The stub-end terminal consists of covered platforms and a modern waiting hall. A 120 ft long mural of Louisiana and New Orleans history, painted by Conrad A. Albrizio with the assistance of James Fisher, was restored after 2005's Hurricane Katrina. The freight and express houses are now the domain of the Smoothie King Center and Main Post Office.

In the 1970s, parts of two platforms were shortened to allow for Greyhound Lines to move its service there, creating an intermodal facility.

Following Hurricane Katrina, Amtrak provided the first commercial transportation out of New Orleans. During the recovery efforts, the bus station at NOUPT was used for a temporary jail nicknamed Camp Greyhound.

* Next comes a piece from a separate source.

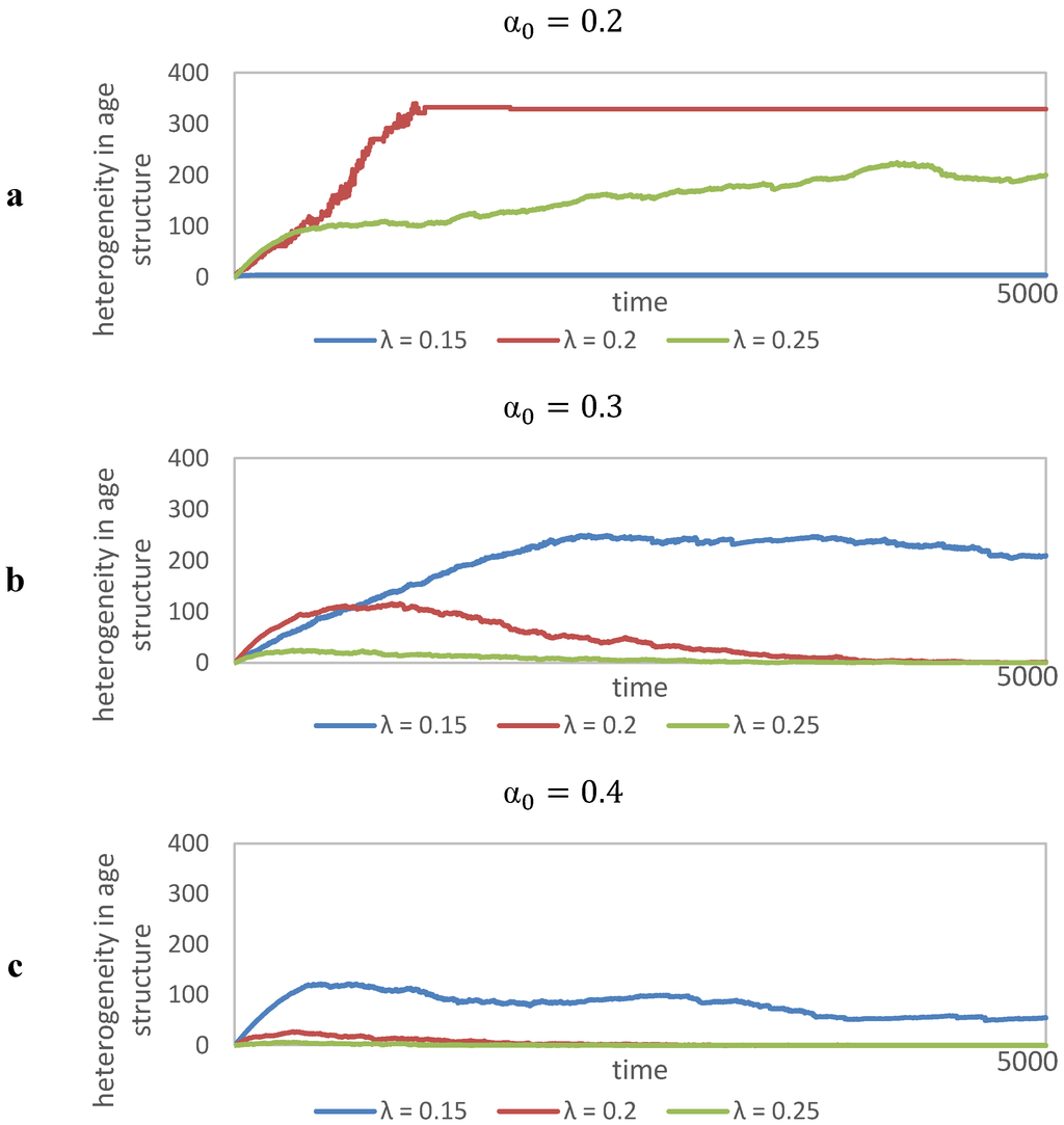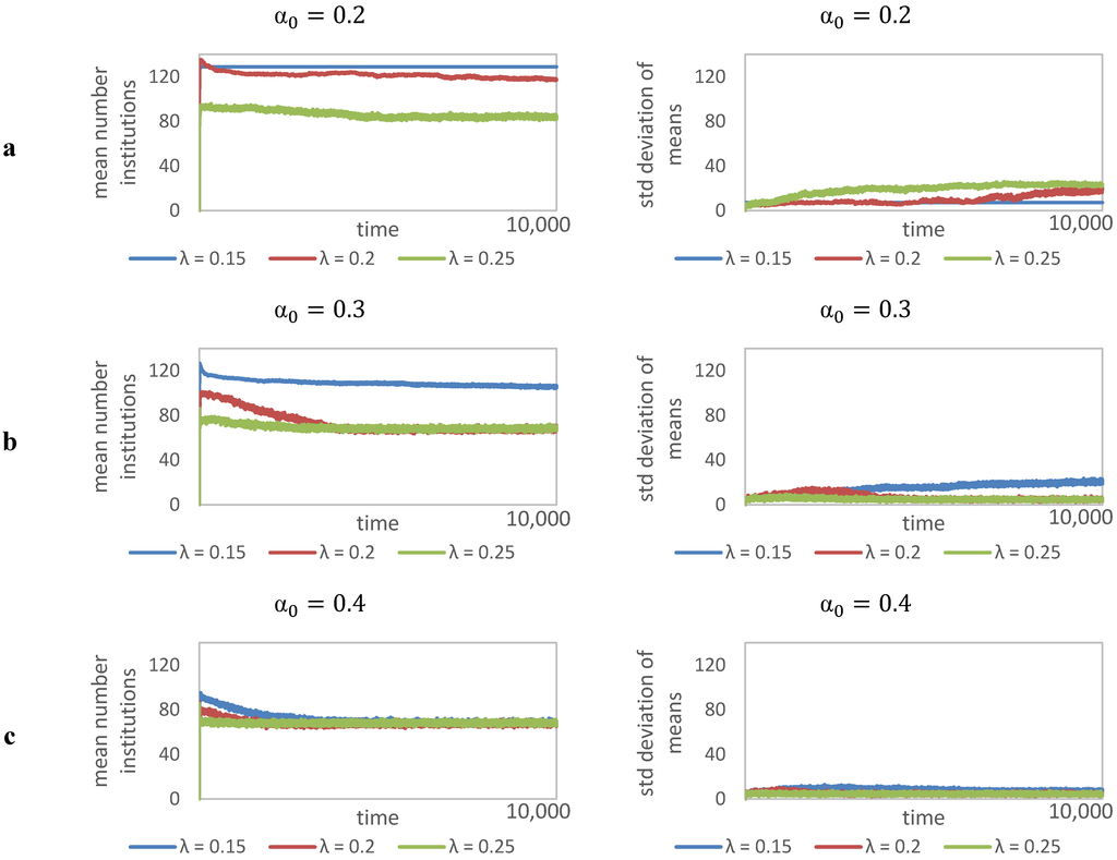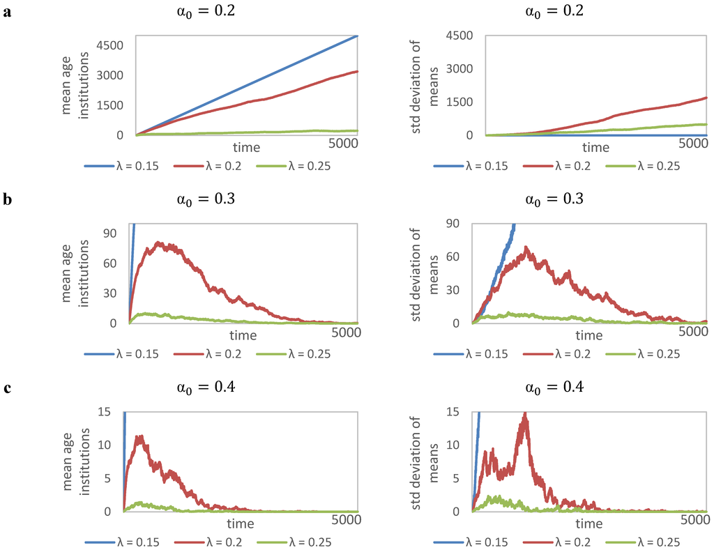 Furthermore, we have checked for the robustness of this result by looking into the average number of institutions respectively, as illustrated in Figure 5. Since the number of institutions further stabilizes after an adaptation phase of 2000–3000 periods (also visible in Figure 4) we can conclude that there is a direct relationship between leadership distance decrement (λ) and the amount of institutions indeed as expected. Figure 5a–c show that permutations with λ = 0.25 result into 80 institutions, although this number deviates between 0–30 dependent on α0. Otherwise lower λ is more sensitive to the initial level of societal trust (α0). This analysis further indicates that interesting cases of permutations are appearing around α0 = 0.3 and λ = 0.2. These cases have to get investigated in more detail by looking into the mean age of institutions.

In January 2013, the station became the terminus for the new mile-long Loyola Avenue-Union Passenger Terminal Streetcar Line connecting Canal Street with the Central Business District and destinations such as the Superdome. The $52 million project was largely funded through a $45 million Transportation Investments Generating Economic Recovery (TIGER) grant awarded to the New Orleans Regional Transit Authority by the U.S. Department of Transportation.

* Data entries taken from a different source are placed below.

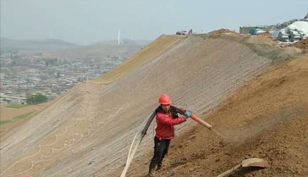 2018年12月20日,由兗州中材平陰分公司承擔施工任務的平陰山水道路及邊坡治理工程在分公司的精心組織下順利開工了。所治理的排渣場工程處于平陰山水礦區(qū)西側,由于基建期修建運礦道路,爆破后及后期排渣在原山坡地形上形成高斷面、坡度較大的地形,存在滑坡的安全隱患,加之一條縣道從山坡下穿過,嚴重影響平陰山水礦山形象建設,因此甲方下定決心進行治理。 兗州中材平陰分公司接收此項施工任務后,對該項工程非常重視,項目經理劉占中組織精干技術力量及設備在取得第一手詳細測量資料的基礎上,多次召開分公司會議討論施工方案和方法,并與業(yè)主及設計單位多次溝通,敲定最終施工方案。 工程開工以后,分公司組織兩臺卡特336挖機、破碎錘按照施工設計方案對排渣場進行分臺階治理。分臺階治理過程中,為防止坡面上的大塊及其他雜物滾進邊坡下方的農田,采用鋼絲繩捆綁,用挖掘機拖拽就地挖深坑掩埋的辦法進行處理,最大程度的減少了對下方農田的干擾和破壞。經過四十天的緊張施工,邊坡分臺階治理終于完工。 經過業(yè)主、監(jiān)理及設計單位共同初步驗收,達到設計要求后,進行臺階及坡面覆土工作。按照設計要求,覆土厚度大于15厘米。掛網采用規(guī)格為5cm*5cm網格的鋼絲網進行全坡面覆蓋,加長錨桿固定的方式進行。在專業(yè)人員的努力下,經過二十天的奮戰(zhàn),17000平方米的掛網工作順利完工。  2019年4月5日當天噴播工作全面展開。選用的噴植植物由紫翠槐、胡枝子、荊條、多花木蘭、鹽膚木、刺槐等十幾種灌木及狗尾草、沙棘、苜蓿等十幾種草本植物組成,混合壤土進行噴植。 噴植混合土  噴植混合土 噴植后用纖維毯進行覆蓋,結合噴淋系統(tǒng),既可保溫、保濕,又可保護幼苗生長。  噴植后覆蓋纖維毯  噴淋澆灌 讓人驚奇和欣慰的是,在進行噴植過程中,之前的幼苗已經偷偷的冒出了頭,形成一片綠毯。根據(jù)設計的綠化效果,植被系統(tǒng)層次分明、生長季節(jié)持續(xù)有爭奇斗艷的開花物種不斷綻放。到2019年5月7日,17000平方米的噴植工作已全部完成,全面進入維護保養(yǎng)階段。 噴播綠化工作對我們礦山工程施工來說是一項全新而又陌生的工作,每一道施工工序和流程,分公司安排專人收集施工數(shù)據(jù)、建立施工檔案,在施工全過程中積累了一定的經驗。  綠化前排渣場  排渣場治理后 當前國家全面推進綠色礦山建設,我們將借助這次綠色礦山建設的東風,全面將把綠色礦山建設深入貫徹下去,同時我們堅信,當前播種的是綠色和希望,將來我們一定會擁抱一個美好的春天! 兗州中材平陰分公司(楊廷明) |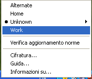 All'avvio, Endpoint Security Client 3.5 attiva l'ubicazione Sconosciuta. Quindi, cerca di rilevare l'ambiente di rete corrente e di modificare l'ubicazione automaticamente. Se l'ambiente di rete non viene riconosciuto o se non è stato preimpostato o salvato (vedere Sezione 3.2.1, Salvataggio di un ambiente di rete), è necessario modificare manualmente l'ubicazione.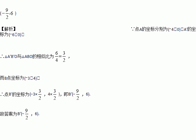 如图,平面直角坐标系xOy中,点A、B的坐标分别为(-4,0)、(-3,4),△A′B′O是△ABO关于的O的位似图形,且A′的坐标为(﹣6,0),则点B′的坐标为______.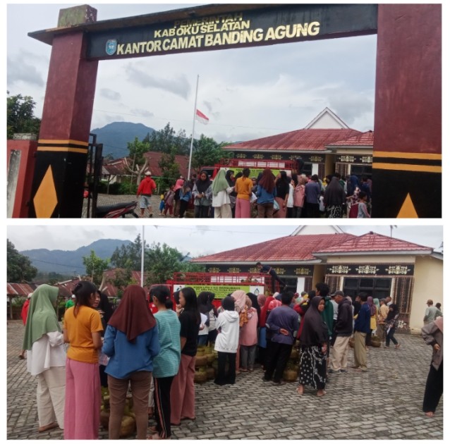 Kegiatan yang berlangsung pada Pukul 9:30 WIB Rabu,4 Maret 2026 di Lapangan Kantor camat Banding Agung Warga tampak antusias mendatangi lokasi sejak pagi hari untuk mendapatkan gas bersubsidi dengan harga yang telah ditentukan pemerintah.

Megabus started operations at the Union Passenger Terminal in 2015.

Gulf Coast regional officials have been advocating for restoration of daily train service between New Orleans and Florida since 2016.

In February 2021, it was announced that passenger rail service would return to the Gulf Coast with a new Amtrak route (later named the Mardi Gras Service) between New Orleans and . Stops include Bay St. Louis, Gulfport, Biloxi, and Pascagoula. Service began on August 18, 2025.